Items from a dataset:
= Beginning of Section =

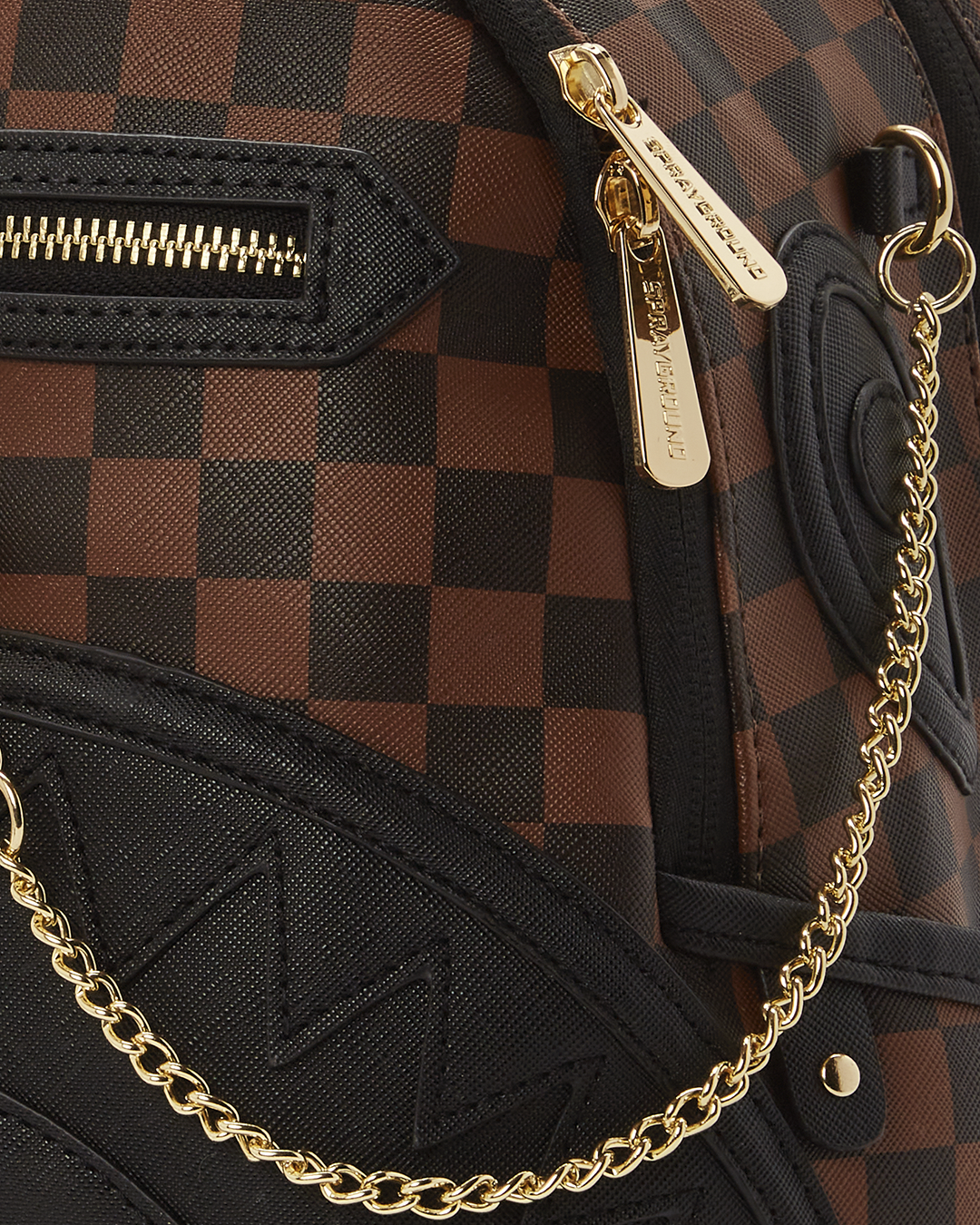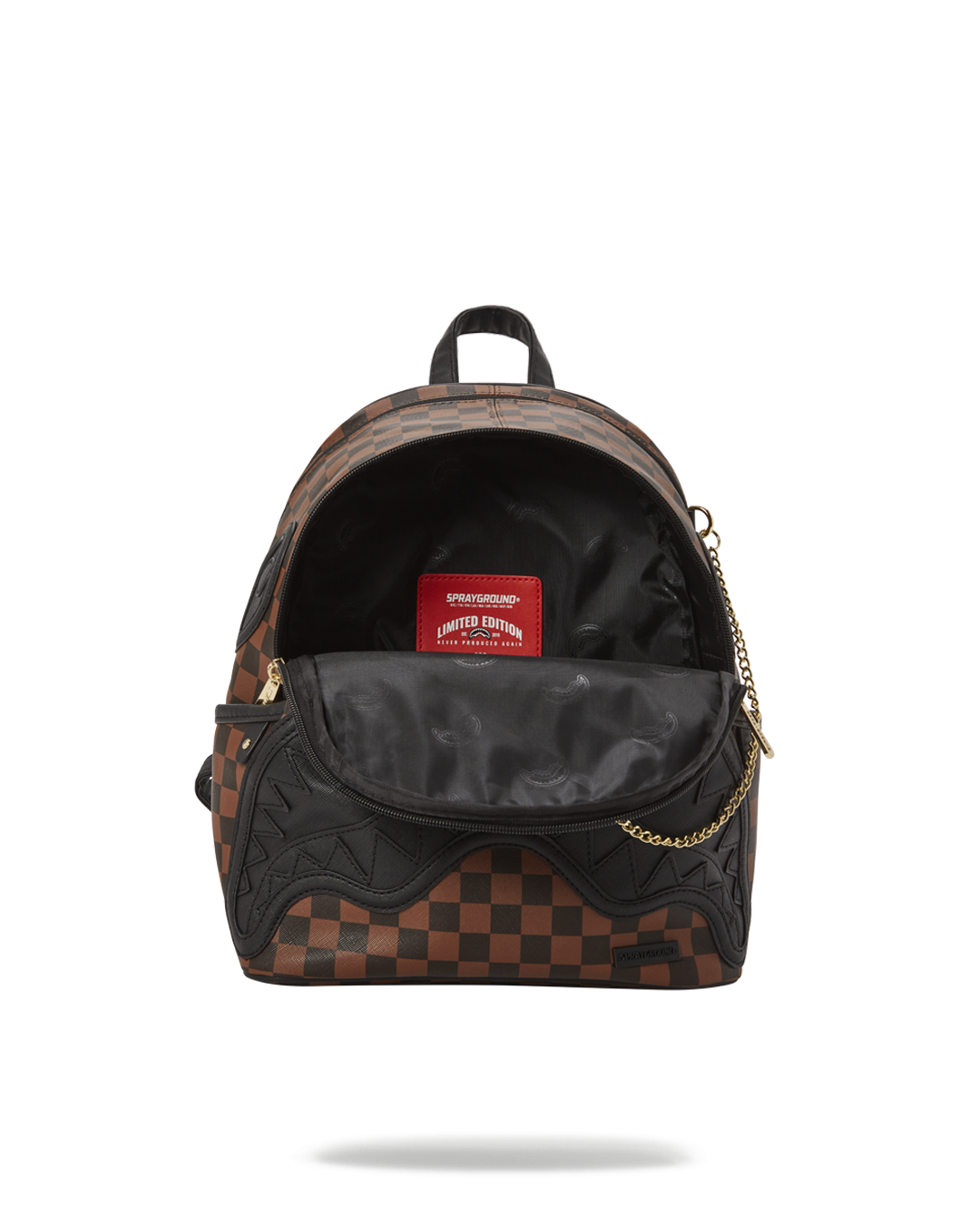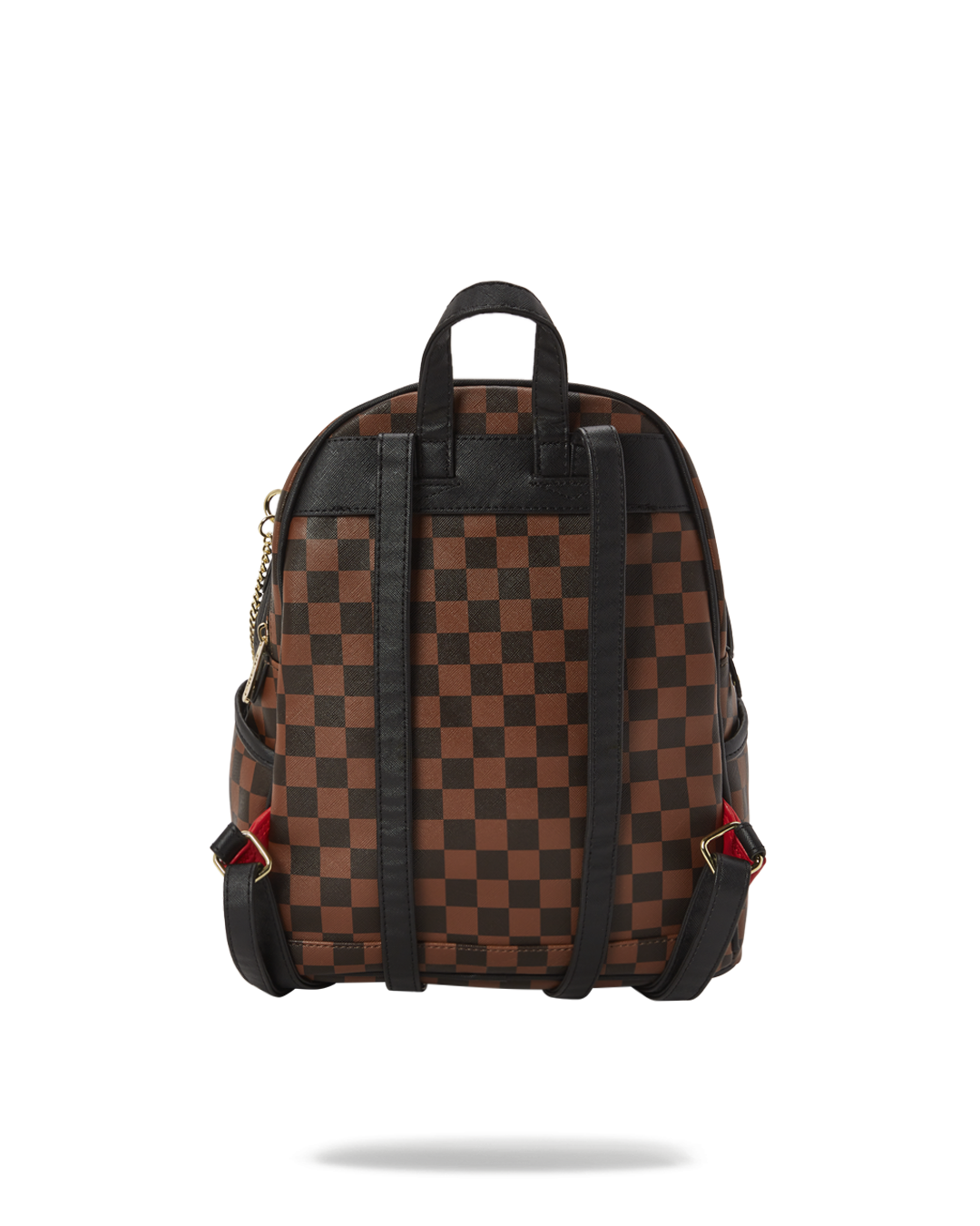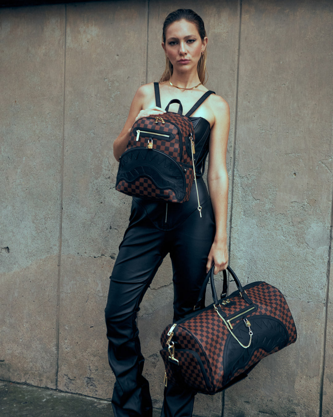 Dimensions: 10″ x 5″ x 11.5″ • Two large main zippered compartments • Side pockets • Zippered Stash pocket • Adjustable straps for custom sizing • Gold zippers with metal hardware
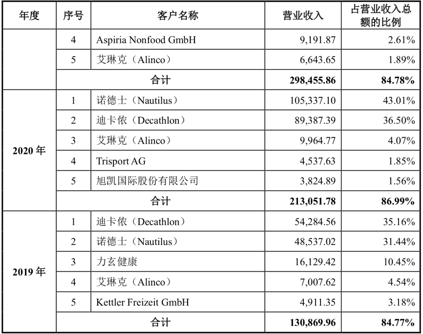 对此,力玄运动表示,目前已上市/拟上市且从事家用/商用健身器材生产制造为主的企业包括英派斯、三柏硕、康力源、力山等,其客户集中度较高且具有行业普遍性。
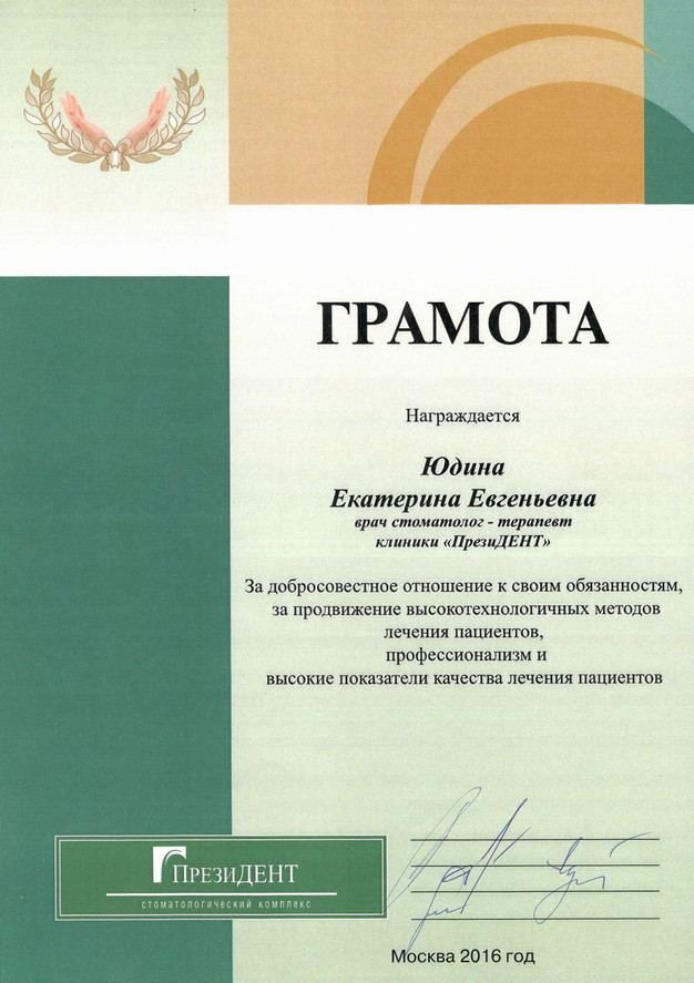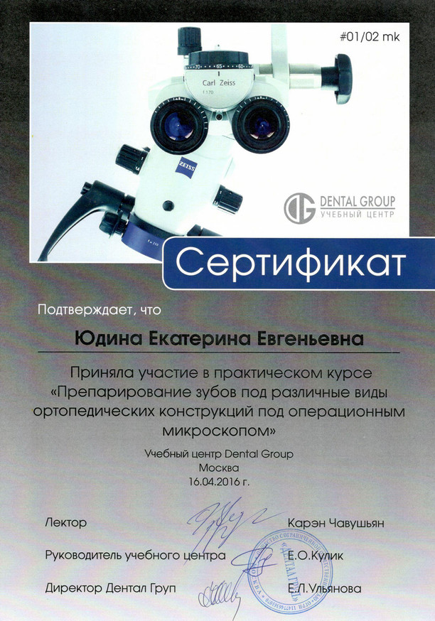 2016 г. — Учебный центр «Dental Group». Приняла участие в практическом курсе «Препарирование зубов под различные виды ортопедических конструкций под операционным микроскопом». Лектор Карэн Чавушьян
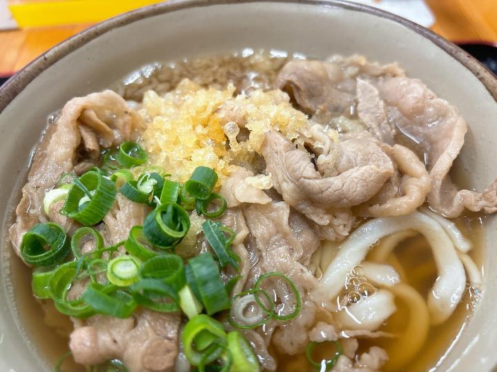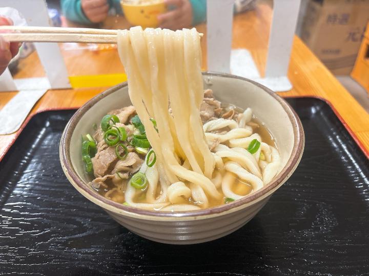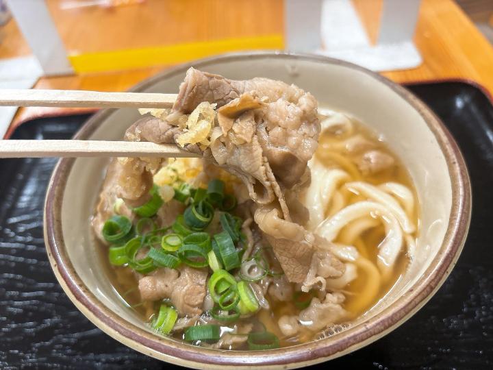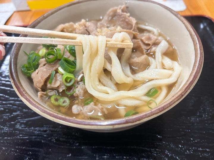肉うどんのお肉は、しっかりとした硬さで食べごたえがあります。
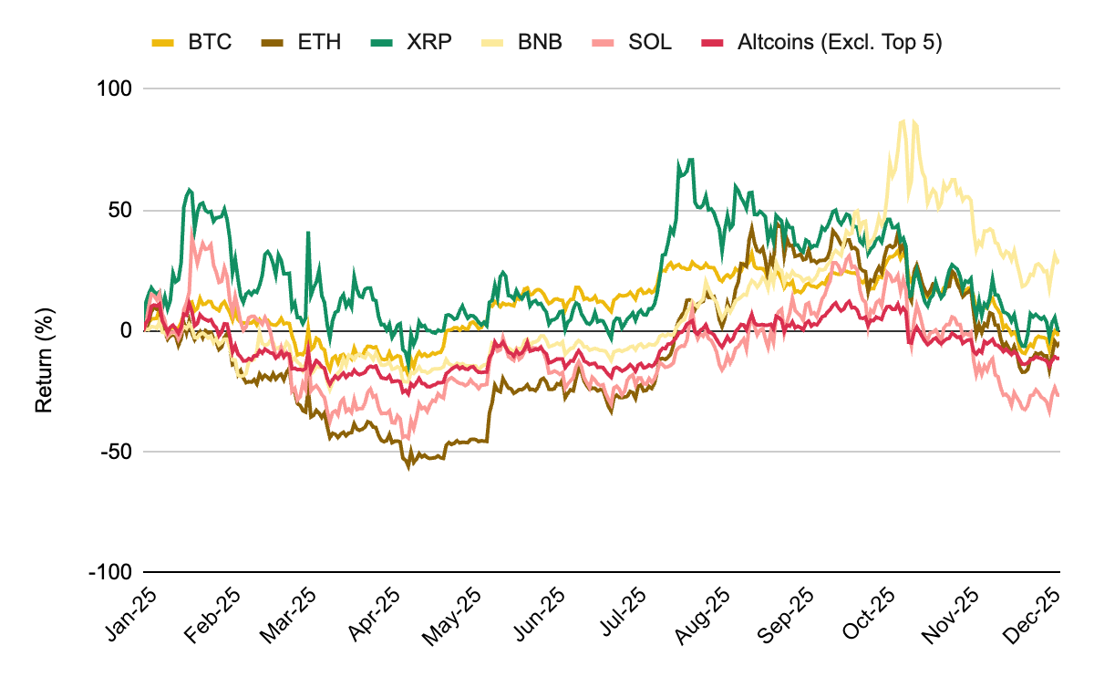 - 주식: 지수 레벨에서 시장은 S&P 500과 나스닥이 소폭 상승하며 비교적 차분했으나, 내부적으로는 상당한 섹터 로테이션(순환매)이 있었습니다. 이번 주의 두드러진 특징은 러셀 2000(소형주)이 기술 섹터보다 우수한 성과를 보였다는 점입니다. 펀더멘털이 약하고 공매도 잔고가 높은 주식들이 시장 전반보다 더 많이 올랐습니다. 메타(Meta)는 메타버스 지출 삭감으로 급등한 반면(가상자산에는 좋은 소식이 아닐 수 있음), 엔비디아는 수출 제한 우려(H200/Blackwell 금지 리스크)로 인해 나스닥의 상승폭을 제한했습니다.

= End of Section =

What the exercise asks
Only the lines from the line holding "肉うどんのお肉は、しっかりとした硬さで食べごたえがあります。" through the last line above belong in the answer, repeated exactly; the pictures do not.

Response box
肉うどんのお肉は、しっかりとした硬さで食べごたえがあります。
 - 주식: 지수 레벨에서 시장은 S&P 500과 나스닥이 소폭 상승하며 비교적 차분했으나, 내부적으로는 상당한 섹터 로테이션(순환매)이 있었습니다. 이번 주의 두드러진 특징은 러셀 2000(소형주)이 기술 섹터보다 우수한 성과를 보였다는 점입니다. 펀더멘털이 약하고 공매도 잔고가 높은 주식들이 시장 전반보다 더 많이 올랐습니다. 메타(Meta)는 메타버스 지출 삭감으로 급등한 반면(가상자산에는 좋은 소식이 아닐 수 있음), 엔비디아는 수출 제한 우려(H200/Blackwell 금지 리스크)로 인해 나스닥의 상승폭을 제한했습니다.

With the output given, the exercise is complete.